Meat & Livestock News

Australia’s Beef Herd Sees Recovery After Brief Liquidation Phase


  • Australia’s beef herd experienced a temporary liquidation phase last year but recovered in the final quarter due to widespread rain.
  • Slaughter cattle prices saw a significant decline in the latter half of the year, with a notable recovery in prices since January.
  • 2023 marked the biggest beef production year since 2019, with a 20% increase in cattle slaughter compared to 2022.

Last year, the Australian beef herd momentarily entered a liquidation phase, as indicated by the Australian Bureau of Statistics (ABS) in their latest report. This phase, akin to the government’s definition of an economic recession, is marked by two consecutive quarters of the female slaughter ratio (FSR) exceeding the 47 per cent threshold, signalling herd contraction. The July and September quarters saw FSRs of 48% and 49%, respectively.

However, the scenario shifted positively in the December quarter, with the FSR dropping to 46.87%, bringing the annual average to 46.58%. This change suggests the herd has moved into a marginal growth phase, according to Stephen Bignell, market information manager at Meat & Livestock Australia (MLA).

The ABS report also highlighted a significant drop in slaughter cattle prices during the third and fourth quarters of last year, as producers began reducing their stock in response to deteriorating conditions. The gross value paid by processors for slaughter cattle in the December quarter was $2.921 billion, averaging $1553 per head, down from $3.205 billion and an average price of $1774 in the September quarter. This decline followed a record-high expenditure in September 2022, with $3.947 billion paid, averaging $2672 per head.

Analyst Matt Dalgleish introduced an index to track the ABS $ value of livestock slaughtered over time, showing a peak in cattle prices in early 2022 before returning to near-initial levels by the end of 2023. However, a substantial recovery in prices has been noted since January, with a significant increase expected in the March quarter ABS data.

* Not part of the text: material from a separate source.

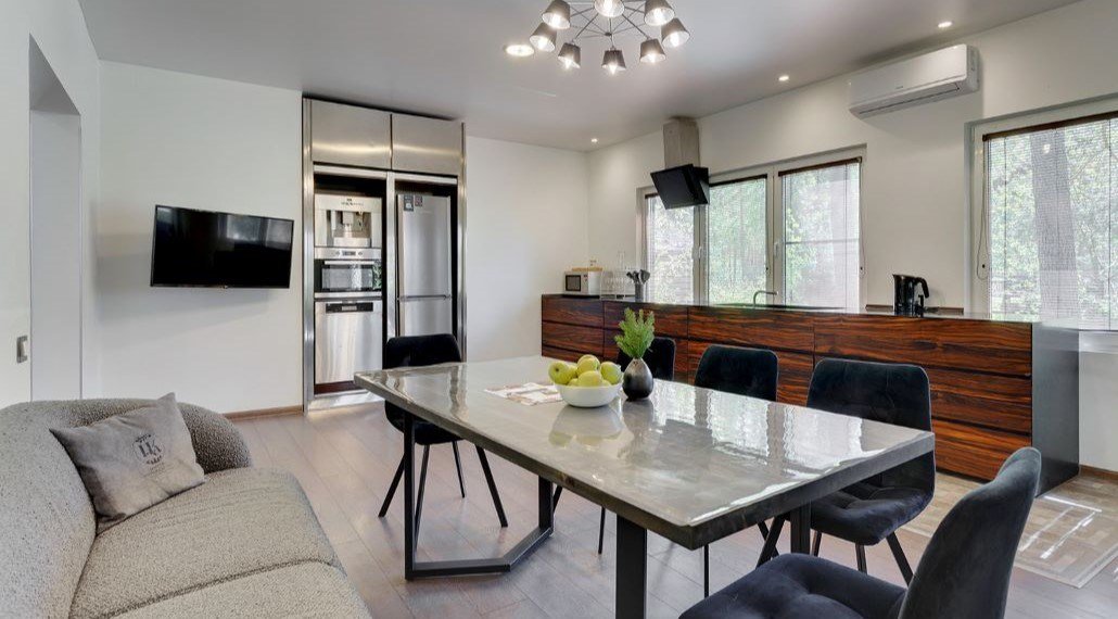 Идеальный выбор для большой компании друзей или группы коллег. В одном доме может комфортно расположиться 10 взрослых гостей. Просторная кухня-гостиная, 5 спален, 2 санузла, гардеробная, терраса с мангаломУслуги и удобства

Furthermore, 2023 emerged as a landmark year for beef production, witnessing an 18% increase in full calendar year production to 2.211 million tonnes, the highest since the drought-induced peak in 2019. Official cattle slaughter figures reached 7.029 million head, marking a 20% rise from 2022. This surge in production and slaughter rates underscores the resilience and recovery of Australia’s beef sector, buoyed by improved conditions and a robust national herd.